* Data extract
○ ○ ○ ○
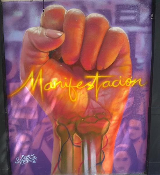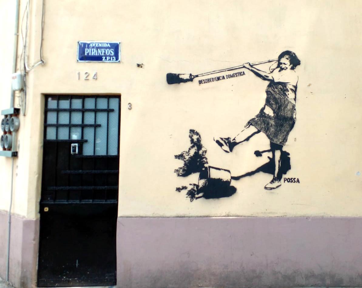 Apretando el paso rumbo a El Convite para no llegar tarde a la tocada de Héctor Infanzón, me topo en un muro de las calles de Pirineos con el grafiti de Possa titulado Desobediencia doméstica. Possa es una grafitera con rollo que combina bien imágenes con textos y la pieza que comento no le pide nada a los estarcidos de Banksy. En unos días habrá desaparecido de modo que saco mi celular y le tomo una foto.
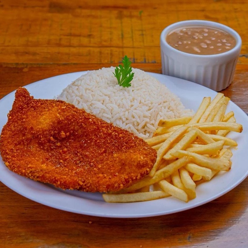 Filé de frango à milanesa, arroz branco, feijão carioca podendo escolher um dos acompanhamentos: batata frita, salada, farofa ou vinagrete.
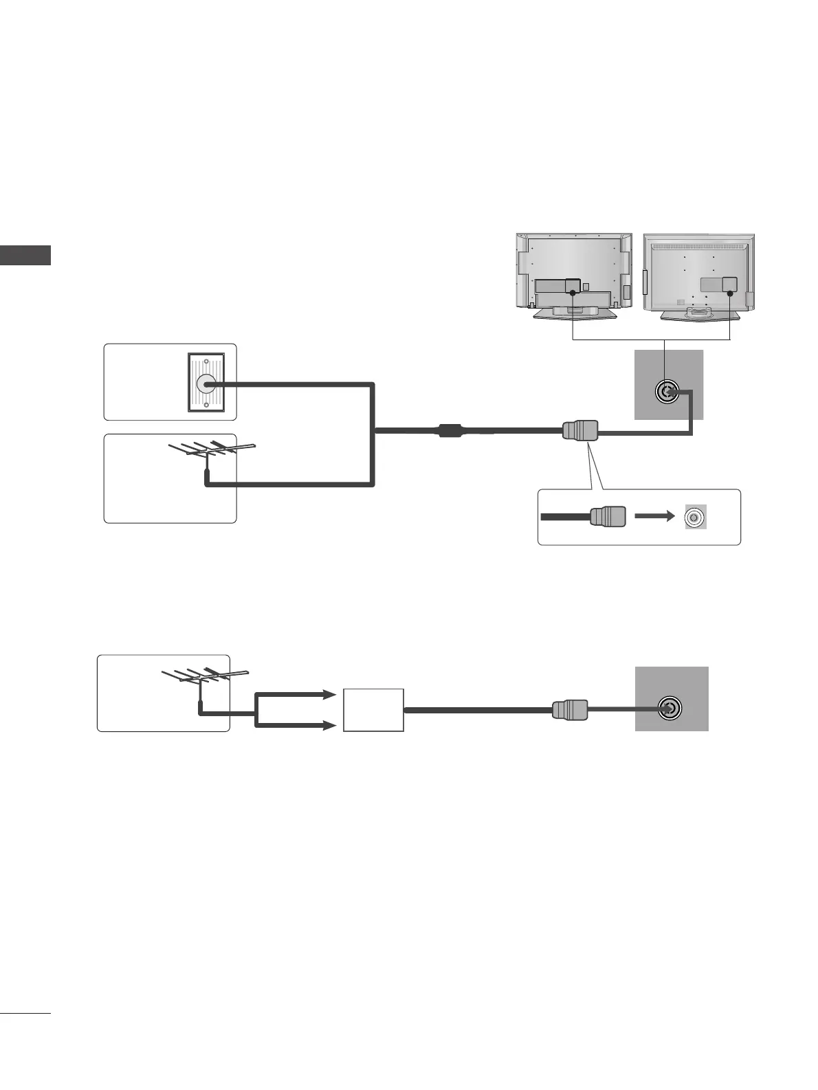 If signal needs to be split for two TVs,use an antenna signal splitter for connection.
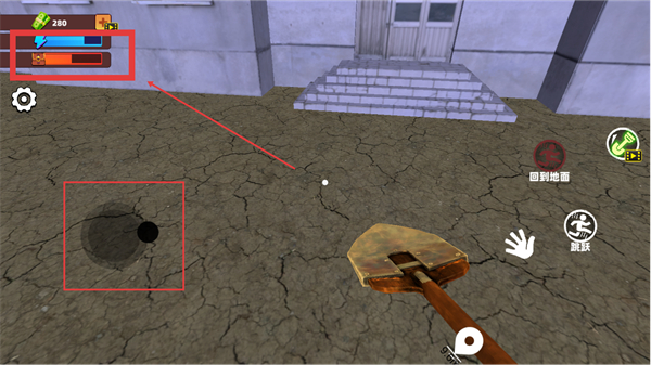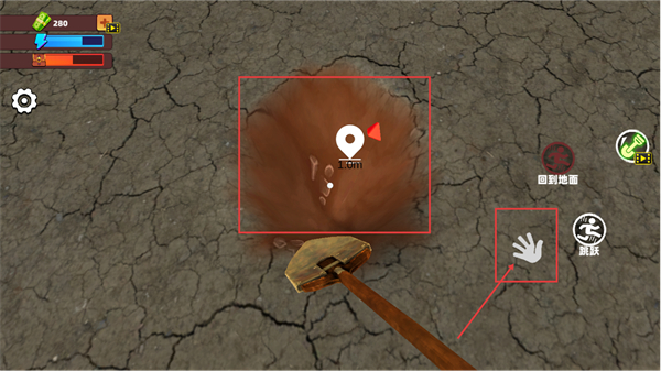 2、挖掘至1.0米时关注定位图标提示,保持节奏挖掘,适时跳跃调整位置,稳步推进深度提升进度。
○ ○ ○ ○
* Goal of the exercise
Copy exactly, please, the lines that run from the line holding "If signal needs" through the closing line of the material above, omitting every picture.

* Task answer
 If signal needs to be split for two TVs,use an antenna signal splitter for connection.
 2、挖掘至1.0米时关注定位图标提示,保持节奏挖掘,适时跳跃调整位置,稳步推进深度提升进度。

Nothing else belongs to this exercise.